By Steven Marks, Head of U.S. REITs, Fitch Ratings

Steven-Marks_800x600The drive for higher earnings is a constant for U.S. equity REITs, and this year is no different. However, earnings will come less from acquisitions and more from development. While this ‘build-over-buy’ approach began in earnest last year, it will pick up steam in 2016.

REITs are increasingly focusing on new development to drive earnings in the context of competitive acquisition market pricing. Strong property fundamentals and successful recent projects have also caused some companies to moderately increase their appetite for speculative development projects. Most management teams believe that building offers risk-adjusted returns superior to buying in the context of aggressive direct-market acquisition cap rates. While accretive, though, Fitch generally views later-cycle development as having execution and funding risks.

Issuers will retain access to low all-in-cost secured and unsecured debt, despite expectations of increasing short-term interest rates. The property transaction market remains robust, which should enable companies to fund growth initiatives and improve portfolio quality via asset sales. Equity issuance to fund acquisitions and development will be limited at best, given the NAV discount at which most REITs trade. Furthermore, the public unsecured bond market is increasingly distinguishing among issuers with respect to borrowing cost and access.

One facet of the U.S. REIT sector not likely to change to any degree in 2016 will be leverage. Proceeds from dispositions will likely be redeployed toward acquisitions, development or share repurchases, and equity issuance will be episodic. Any deleveraging will likely be organic.

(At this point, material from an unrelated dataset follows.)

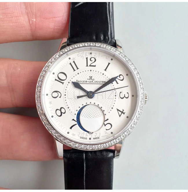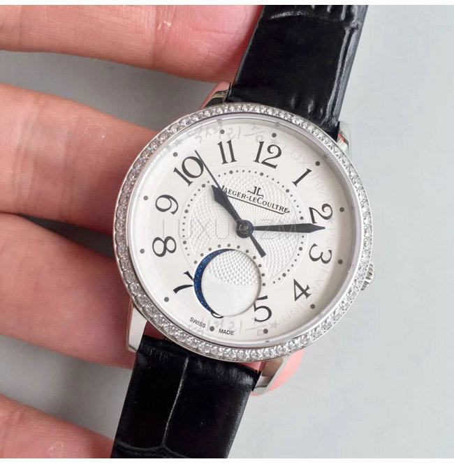 [스페셜오더]JAEGER LECOULTRE-예거 르쿨트르 랑데부 문 미디엄 다이아 스틸 레이디스 가죽스트랩 워치 34mm

REIT inaugural public bond offerings are also unlikely this year. There have been no REIT IPOs since March, and they are not likely to return until bond investors and issuers can resolve the change of control stalemate. Potential inaugural issuers unable or unwilling to access the public bond markets have obtained funding via other sources of unsecured capital, such as private placement bonds and the bank term loan market.